Over a short period, the Ebola crisis has wiped out the advances in maternal and reproductive health that the international community and the affected countries had managed to achieve with such great effort. Advances that included ensuring that half of all births—the time of greatest risk for women—were attended by trained health professionals and that one-third of women had access to information about contraception and contraceptive methods, which made it possible for them to prevent pregnancies or space births. Today, the lack of emergency obstetric care and family planning services and the interruption of immunization programmes is confirmation that the Ebola crisis has turned the clock back on more than a decade of advances in women’s health in these countries. What is more, the current collapse of the health systems in these three countries has decimated the human and material resources available to treat patients with other preventable diseases such as pneumonia, diarrhoea and other infectious diseases very prevalent in the area, including malaria—still the most common cause of illness and death in the region. This means that indirect mortality rate arising from the epidemic will be much higher than that caused directly by Ebola.

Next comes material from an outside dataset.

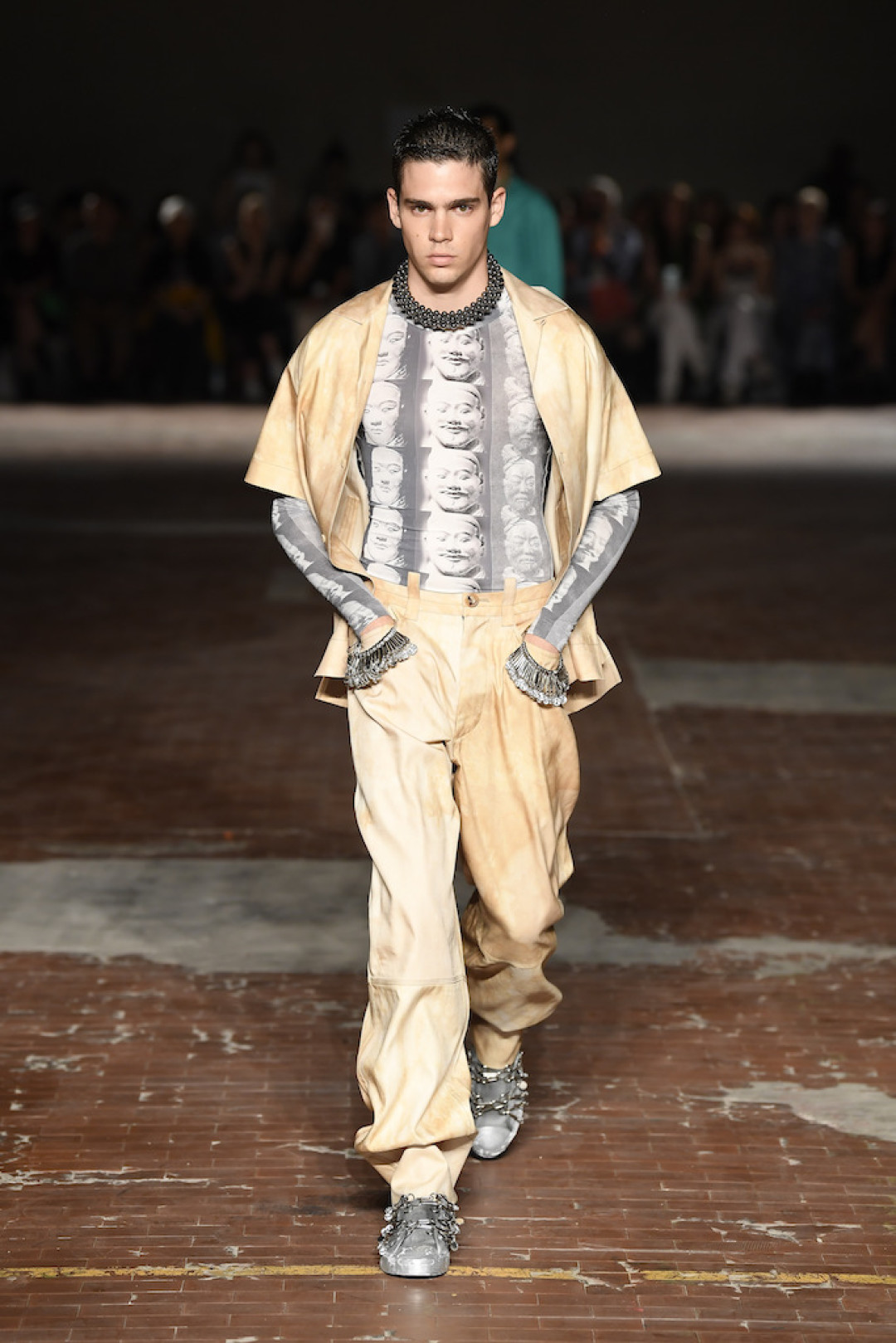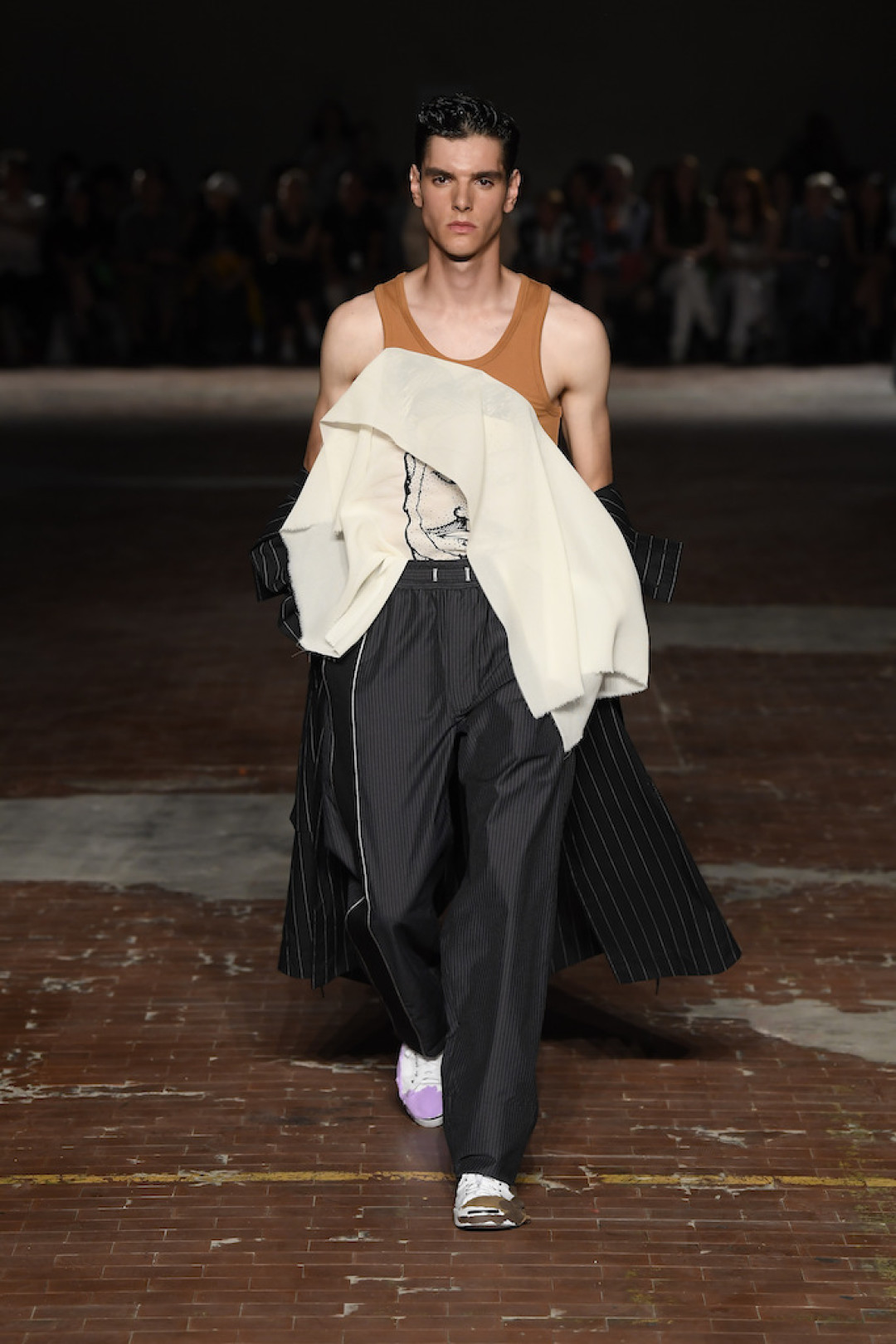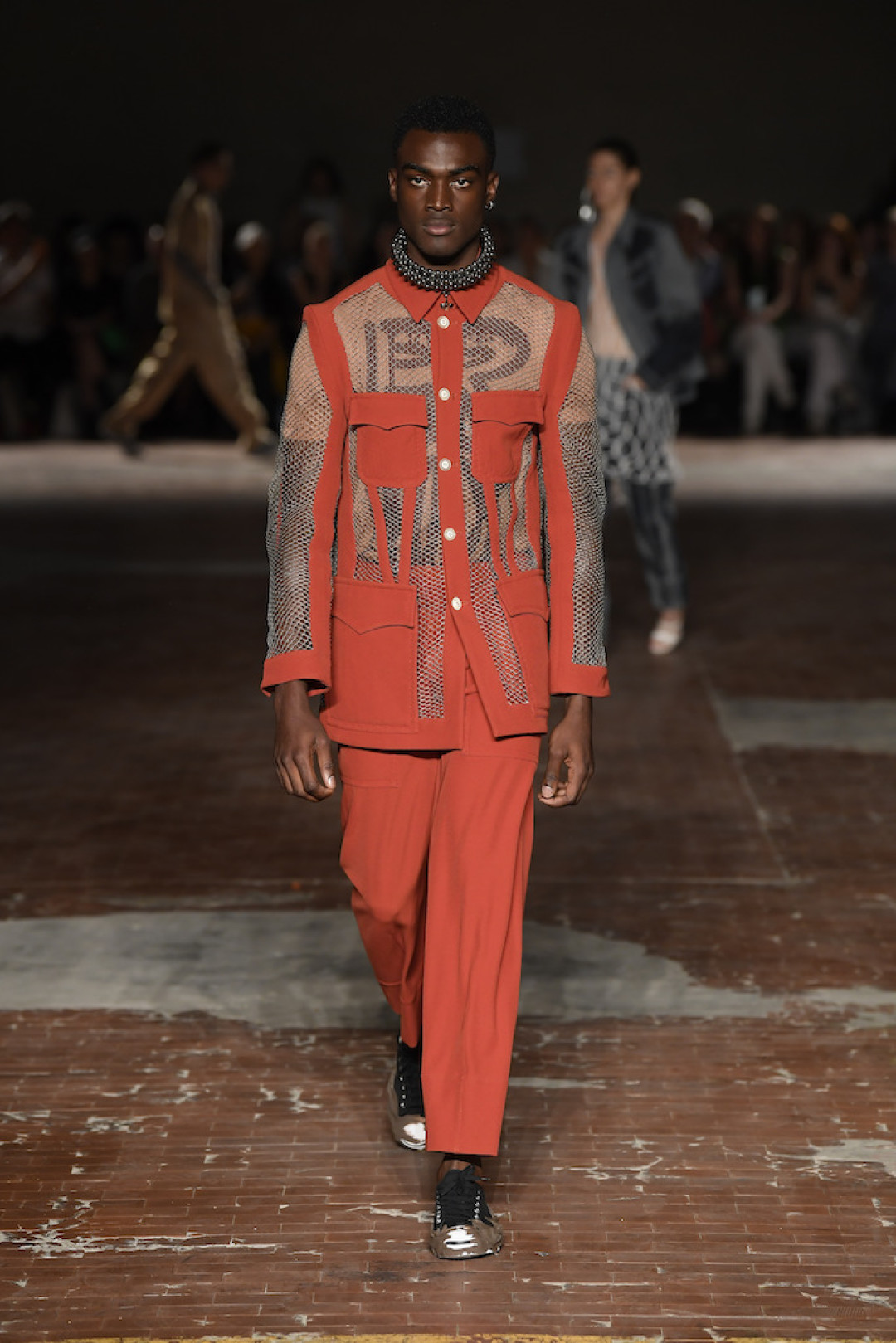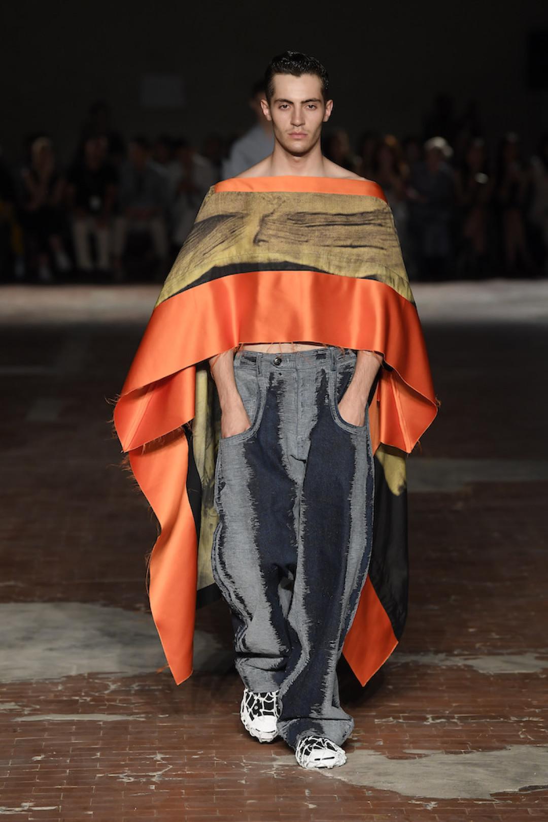 Еще один дебют в мужской моде — на этот раз креативного директора Salvatore Ferragamo Пола Эндрю, который в феврале получил руководство над всеми линиями бренда, — состоялся на флорентийской площади Синьории. Сет-дизайном шоу служили главные городские маст-визит — Палаццо Векккьо, скульптура Давида и фонтан Нептуна, открытый после реставрации, деньги на которую пожертвовали Salvatore Ferragamo. Неудивительно, что изображения фонтана стали принтами на шелковых рубашках и платьях свободного кроя, стилизованных замшевыми рюкзаками и эспадрильями на высокой платформе и чередовавшихся с кожаными жилетами, оранжевыми ветровками и комбинезонами «boiler suits». В последнем, кстати, на подиум вышел графический дизайнер Питер Сэвилл, который создал (помимо обложек Joy Division) логотип Calvin Klein и новую монограмму Burberry.

"After the current crisis, the priority will be to concentrate all efforts on addressing the issues that made it possible for this epidemic to reach such devastating proportions in such a short time" How can we prevent this situation from happening again? After the current crisis, the priority will be to concentrate all efforts on addressing the issues that made it possible for this epidemic to reach such devastating proportions in such a short time. The first task will be to tackle the problem of the fragile health systems that still exist in countries that are not providing for the most basic needs of their citizens. Investing in more robust and efficient health systems is a global public health issue; the aim must be to improve infrastructures, equipment, medical supplies and personnel as well as information systems, financing and governance to ensure that, in the medium term, these systems can meet the basic health care needs of women and children and the general population. At a time when the international community is redefining its goals for development in the coming years, prioritizing this issue in the development agenda is an ethical imperative if we are to end the preventable deaths of women and children in future crises.